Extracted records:
☆ ☆ ☆ ☆ ☆ ☆ ☆

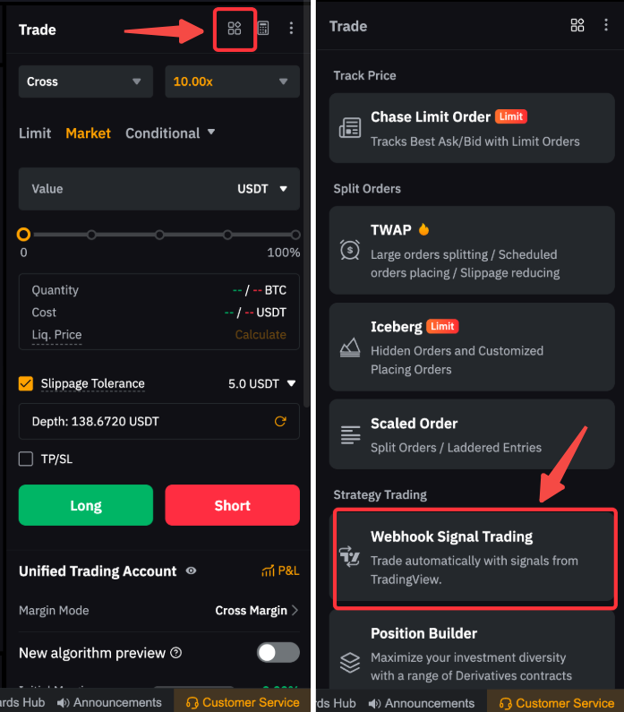 Perdagangan Sinyal Webhook di Bybit adalah alat canggih yang memungkinkan perdagangan otomatis kontrak Perpetual dan Futures menggunakan sinyal dari TradingView. Dengan memanfaatkan fungsi webhook TradingView, trader dapat mengirim permintaan ke URL tertentu setiap kali peringatan dipicu, mengotomatisasi proses perdagangan.
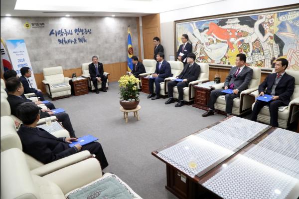 송한준 경기도의회 의장이 26일 의장 접견실에서 ‘2018 회계연도 결산검사위원’ 10명을 위촉하고 위촉장을 수여했다.
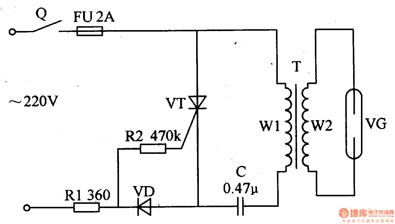 When we turn on the timer Q the 220V AC voltage is limited and bucked by R1 and separate into two parts. One is supplied to VT's gate through R2 while the other one is supplied between VT's anode and cathode and makes VT conducted in AC's positive half cycle and stopped in AC's negative half cycle. With the intermittent work of VT and C step-up transformer T's winding W2 will produce pulse high voltage. Put this voltage on VG to make it produce ozone.
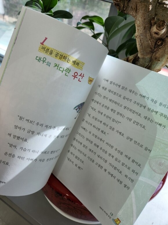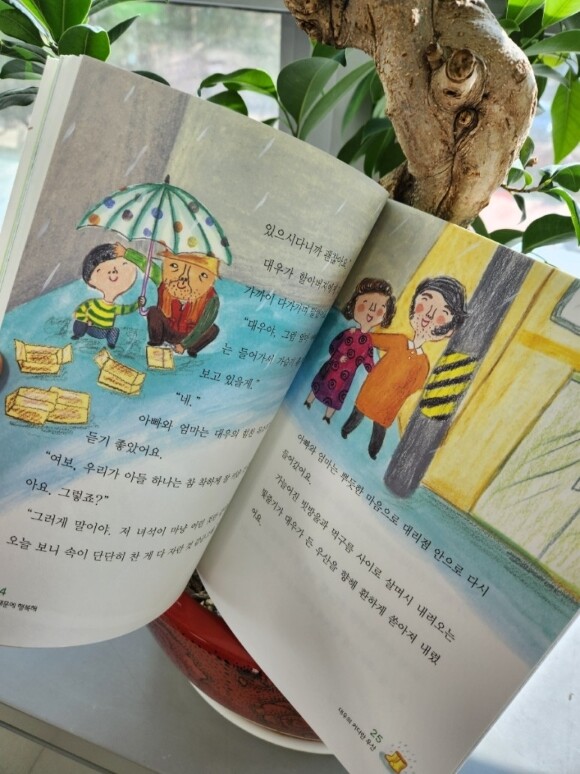 대우는 부모님과 가습기를 사러 가게 갔다가 폐지를 모아서 접고 있는 할아버지께 우산을 받쳐 주지요. 옆에서 가만히 우산을 들고 있는 대우를 보면서 참 기특하다는 생각이 들더라고요
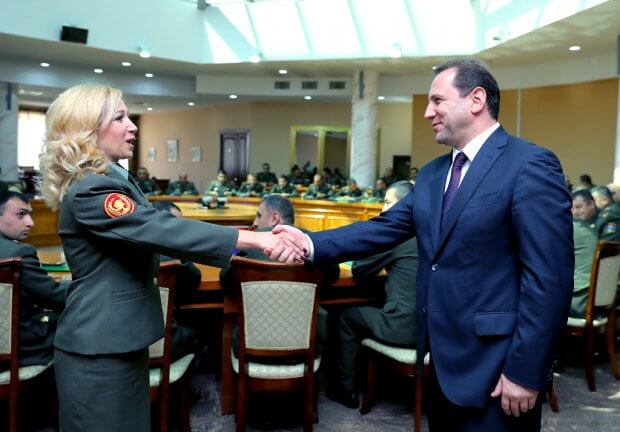Как сообщили в пресс-службе Минобороны, министр Давит Тоноян подчеркнул важность академического образования для служебного продвижения и смены поколения офицерского состава.

☆ ☆ ☆ ☆ ☆ ☆ ☆

**EXERCISE DESCRIPTION**
Output exactly the lines above that lie between the line with "When we turn" and the line with "대우는 부모님과 가습기를", those two lines included, and no pictures.

**OUTPUT**
 When we turn on the timer Q the 220V AC voltage is limited and bucked by R1 and separate into two parts. One is supplied to VT's gate through R2 while the other one is supplied between VT's anode and cathode and makes VT conducted in AC's positive half cycle and stopped in AC's negative half cycle. With the intermittent work of VT and C step-up transformer T's winding W2 will produce pulse high voltage. Put this voltage on VG to make it produce ozone.
 대우는 부모님과 가습기를 사러 가게 갔다가 폐지를 모아서 접고 있는 할아버지께 우산을 받쳐 주지요. 옆에서 가만히 우산을 들고 있는 대우를 보면서 참 기특하다는 생각이 들더라고요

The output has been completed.